Tehiyah Day School in El Cerrito, Calif., had a problem.
Like many Jewish day schools throughout North America, Tehiyah has plenty of students from lower-income families and a number from affluent ones. But it couldn’t seem to recruit and retain many middle-class students, even as it devoted increasing amounts to financial aid.
Middle-class parents “felt they wouldn’t be considered for financial aid or were just on the border of whether they could get aid,” said Bathea James, Tehiyah’s head of school. “For many who felt they were reasonably financially successful, to fill out a financial aid form just wasn’t something they’d be willing to consider.”
So last year, James tried a new strategy: Instead of posting a single tuition price and urging those who couldn’t afford it to apply for a scholarship, the school now posts a tuition range, from $7,950 to $22,450 for the 2014-15 academic year.
Known as indexed tuition, the plan permits parents to pay reduced tuition. To qualify for lower amounts, parents still must submit financial forms not entirely unlike what was required in the old aid application.

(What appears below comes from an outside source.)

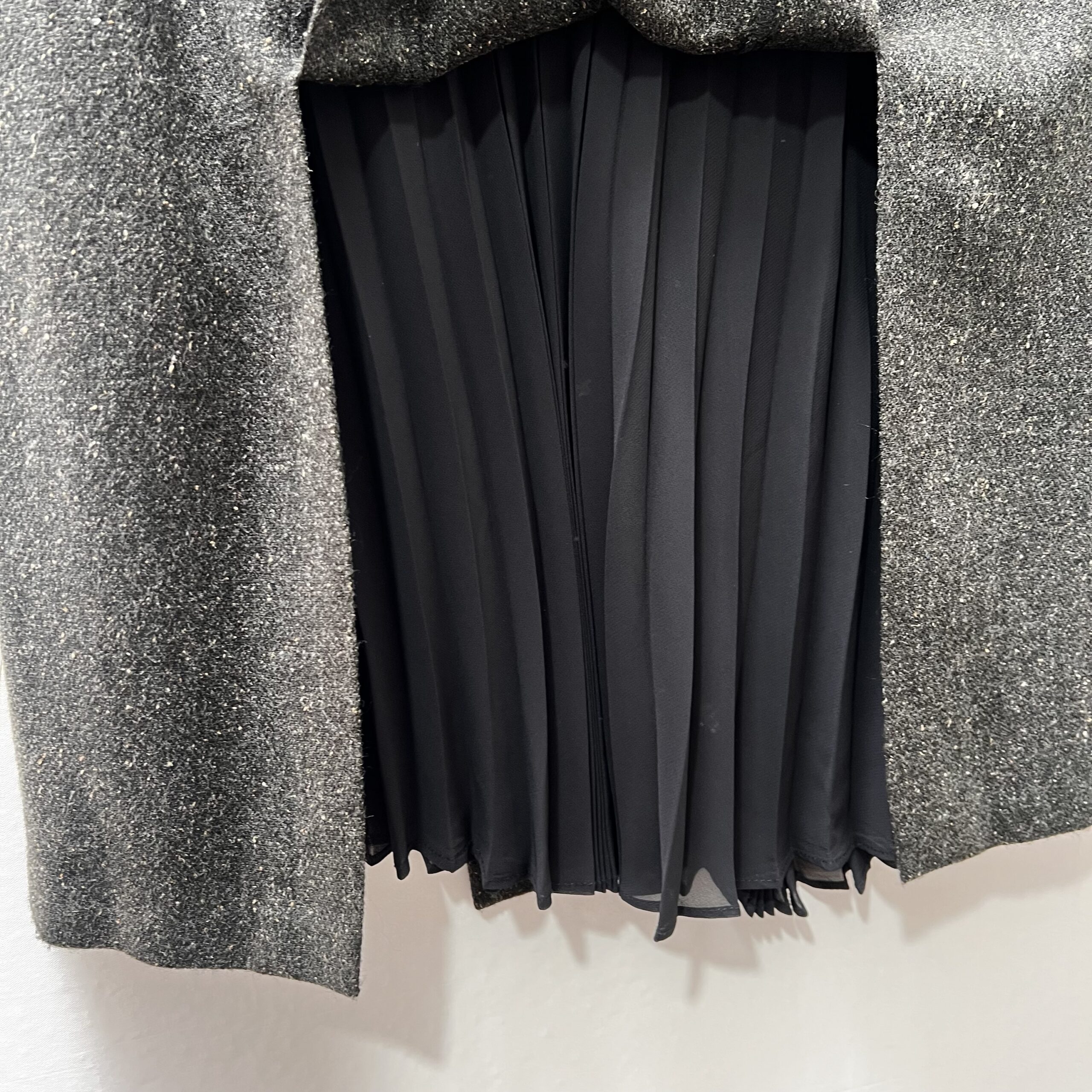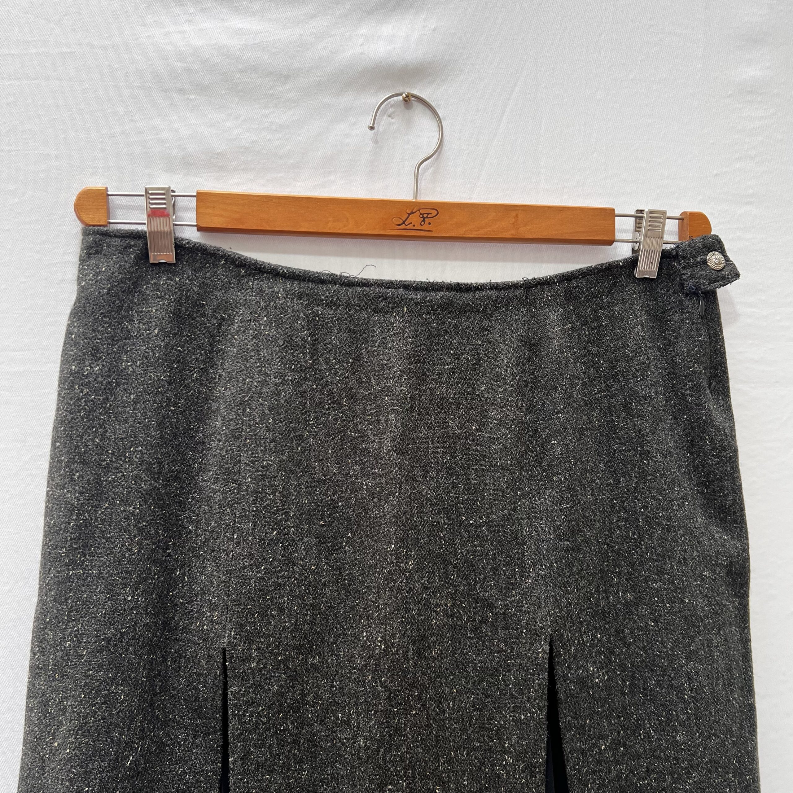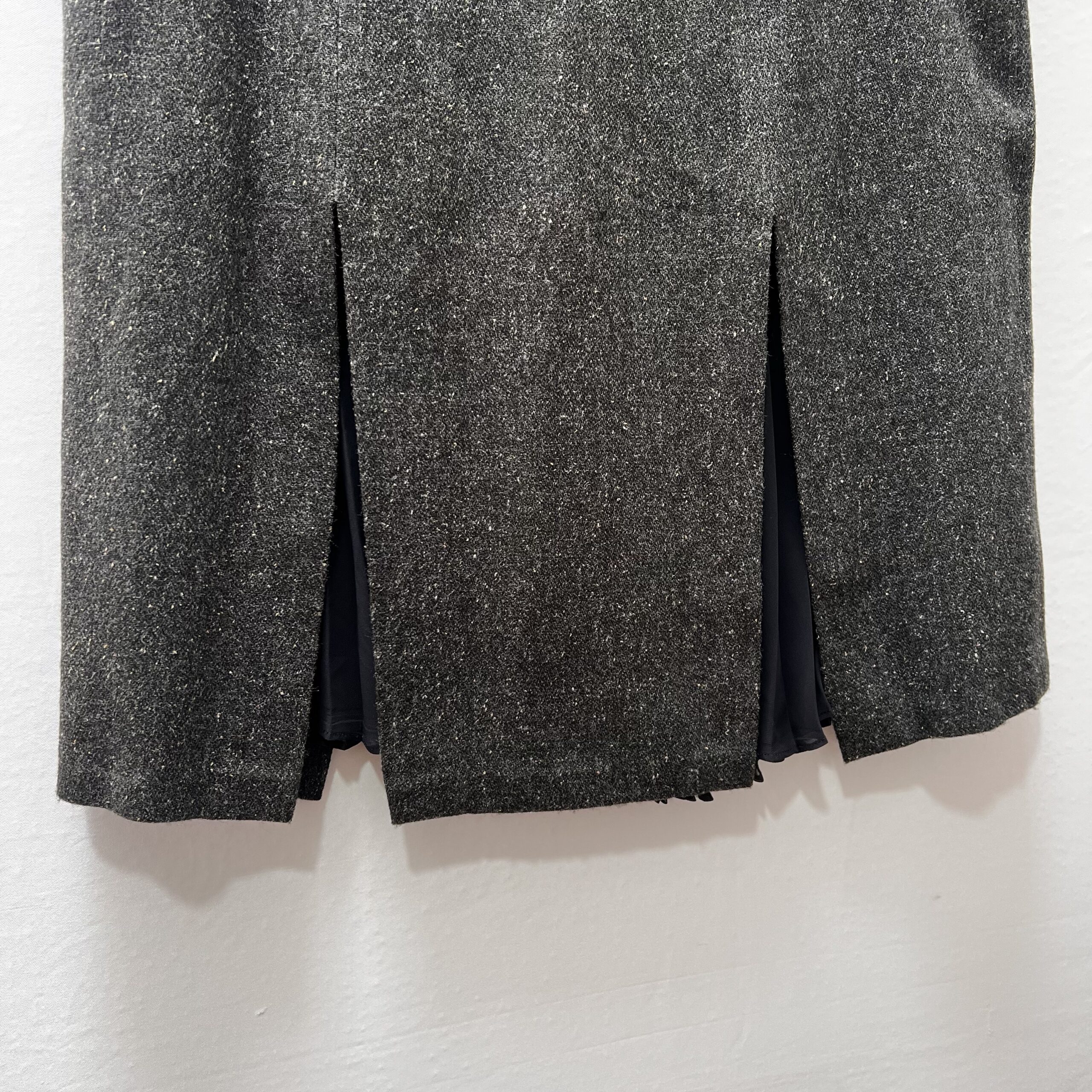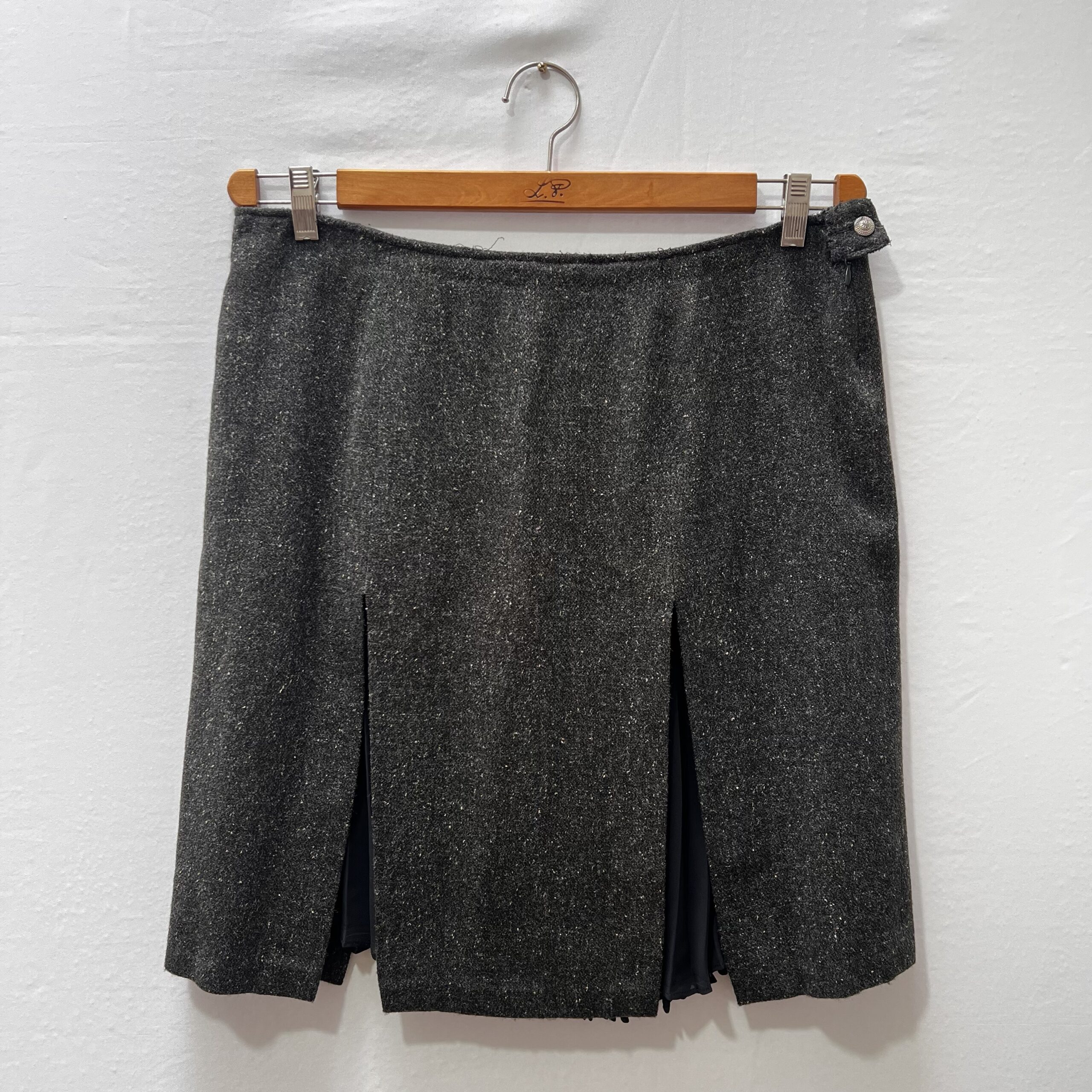 Modelo de cintura média, com fechamento lateral por botão. Possui recortes frontais com fendas e detalhe interno em tecido liso. Comprimento acima do joelho. Veste G.

So the change is more about presentation than substance. But James said something about the system feels different.
“It’s a door opener for middle-income families,” she said. “They say if it’s based on what I can afford, let’s at least have a look at it.”

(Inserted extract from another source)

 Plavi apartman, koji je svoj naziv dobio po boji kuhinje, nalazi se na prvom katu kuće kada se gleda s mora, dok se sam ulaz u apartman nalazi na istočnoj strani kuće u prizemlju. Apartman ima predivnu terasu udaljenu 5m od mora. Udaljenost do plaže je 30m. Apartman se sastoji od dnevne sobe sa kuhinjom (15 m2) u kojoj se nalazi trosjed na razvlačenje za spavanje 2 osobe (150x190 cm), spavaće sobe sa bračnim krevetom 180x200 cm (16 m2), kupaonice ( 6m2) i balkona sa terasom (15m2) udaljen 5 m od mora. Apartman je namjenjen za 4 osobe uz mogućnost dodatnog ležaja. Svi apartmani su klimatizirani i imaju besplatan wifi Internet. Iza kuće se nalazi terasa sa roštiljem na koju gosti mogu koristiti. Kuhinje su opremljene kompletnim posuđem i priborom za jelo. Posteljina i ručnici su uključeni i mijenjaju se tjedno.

In response to mounting concerns about the increasing affordability of Jewish education, day schools across North America are experimenting with new approaches to tuition and financial aid.

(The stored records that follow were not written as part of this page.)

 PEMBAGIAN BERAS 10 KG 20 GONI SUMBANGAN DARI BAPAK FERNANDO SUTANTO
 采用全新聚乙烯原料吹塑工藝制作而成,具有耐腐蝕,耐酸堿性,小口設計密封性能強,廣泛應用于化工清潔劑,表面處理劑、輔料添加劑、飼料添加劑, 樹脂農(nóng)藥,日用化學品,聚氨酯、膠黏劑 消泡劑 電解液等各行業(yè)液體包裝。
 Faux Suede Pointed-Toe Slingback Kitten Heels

Some, like Oakland Hebrew Day School in California, have introduced indexed tuition models, sometimes also referred to as “flex” or “sliding scale” tuition. Others have moved to cap tuition as a percentage of family income.
The Solomon Schechter School of Greater Boston launched its iCap program in the 2012-13 term that guarantees a family will never be required to spend more than 15 percent of its household income on tuition. It means families with incomes as high as $400,000 — more than four times the median household income in Massachusetts — can still be eligible for financial aid if they have three or more children enrolled and have assets under a certain threshold.
As with Tehiyah’s indexed tuition, iCap isn’t actually costing the school any more money; most families would receive similar assistance had they applied for financial aid under the traditional system. But it does help with sticker shock, particularly for families who by national standards are far from poor but still struggle to cover the cost of a Jewish day school education.
“Most families in that high-end income bracket don’t even imagine they would qualify for a scholarship,” said Dan Perla, program officer for day school finance at the Avi Chai Foundation. The iCap program, he said, “makes it really easy and really transparent.”
Another Boston school, Maimonides, is introducing a version of the program next year. And the Avi Chai Foundation is helping two other day schools — Beit Rabban in Manhattan and the Robbins Hebrew Academy in Toronto — pilot similar efforts.
Some schools are developing elaborate and sometimes costly discounts designed not just to attract new families but also to reduce attrition.
Hillel Day School in suburban Detroit is launching a “tuition subvention” program in 2014-15 that provides a tuition credit to each student that increases by $1,000 each year they stay in the school, regardless of family income.
Milwaukee Day School tried a similar approach, offering tuition discounts that continue each year a student remains in the school. The strategy resulted in the enrollment of 55 new students last year — one of the largest increases ever seen by the school, according to Head of School Brian King.
But the incentive, which was a one-time offer available only to students enrolled at the school during the 2012-13 academic year, failed to arrest the school’s long-term decline in enrollment. The school currently has 190 students, down from last year’s 208.
One approach Perla and other experts generally discourage is across-the-board tuition cuts, which they say can be financially unsustainable and do not lead to long-term enrollment gains. A recent study of 200 schools conducted by Measuring Success, a consulting firm specializing in data analysis for non-profits, found that contrary to conventional wisdom, raising tuition does not lead to decreased enrollment.